Toyota Says Goodbye, California, Hello, Texas!


Toyota is heading for greener pastures in yet another sign of California’s unfortunate demise. Gathering up their jobs and long history of success, Toyota, based in the Southern California city of Torrance, is heading east to Texas.

While “Heading out West” used to equate with hope and opportunity, companies such as Toyota are finding it more and more difficult to do business in the highly taxed, highly regulated, once golden state. Other companies Toyota is following out of California include fellow automakers Nissan, who picked up shop and moved to Tennessee, and Honda who, relocated their headquarters from California to Ohio.

Texas Governor, Rick Perry, was clicking his heals and reportedly quite pleased with Toyota’s decision to leave company-crippling-California and its Governor, Jerry Brown, behind. Toyota is already successfully building vehicles in San Antonio, and Perry reportedly wooed Toyota, obviously successfully, into making their headquarters in his state too:

“Over the past decade, Texas and Toyota have developed a strong partnership that has resulted in good-paying jobs for thousands of Texans,” said Perry in a statement. “Toyota understands that Texas’ employer-friendly combination of low taxes, fair courts, smart regulations and world-class workforce can help businesses of any size succeed and thrive.”

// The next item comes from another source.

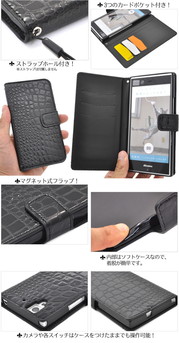 | 製品仕様 | | 対応機種 | arrows NX F-02H | | カラー | ホワイト/ブラック/ダークグリーン | | 素材 | 合皮(PUレザー)/TPU | | 注意 | ※本製品はマグネットを使用しておりますのでクレジットカードなどの磁気カードの収納は避け、カードの注意事項をよくご確認の上ご使用ください。 読み取り等ができなくなる恐れがあります。 ※本製品に収納された、カードのデータ等が喪失された場合におきましても、 当社では一切保証致しかねます。 ※長時間接触していたり、強い力で擦れるとスマートフォンに色移りする場合がございます。 ※本製品をスマートフォンに装着する際には本体や本製品に付着したゴミやホコリをよく取り除いてください。 ホコリ等がついたまま装着すると、スマートフォンに傷がつく恐れがあります。 ※ 本製品は強い衝撃からスマートフォンを保護することは出来ません。 |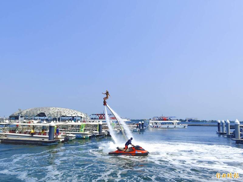 「大鵬灣帆船生活節」登場,水上鋼鐵人Peggy身穿比基尼獨挑大樑開場,辣翻全場。(記者陳彥廷攝)

Meanwhile, California Gov. Jerry Brown’s Office of Business and Economic Development shied away from even mentioning Toyota in a statement, instead throwing up a smoke screen of manufactured optimism:

“Ford, Volkswagen and Nissan continue to invest in California, and the Golden State remains the center of new electric, zero-emission and self-driving vehicle manufacturing and technology,” the statement said.

Back in reality, however, his frustration and impotence evident, was Torrance Mayor Frank Scotto, who said he’s “saddened” by Toyota leaving his city and that they did everything they could to keep Toyota from leaving them.

According to Scotto, he didn’t even know Toyota’s move was afoot until they told him on Thursday that they wanted to meet him at 9:45 a.m. Monday, and even then he didn’t know what it was about.

But then rumors of Toyota’s intentions started bubbling over the weekend which got Scotto’s “Oh no!” alarms ringing.

“We thought it was going to be part of Toyota, not everything,” Scotto reflected at a press conference. “They didn’t mislead us; they just didn’t answer the questions.”

Scotto also lamented that there wasn’t much Torrance could do to stop Toyota from divorcing them because it really came down to reforms California needs to make at the state level to keep large companies like Toyota from vacating their premises.

“We could offer up a lot of things, but we recognize that the deal (Toyota has) is something that would take the state of California to match,” he said.

Toyota will be leaving California’s suffocating business climate for the sweet low-tax prairie winds of Texas in 2017.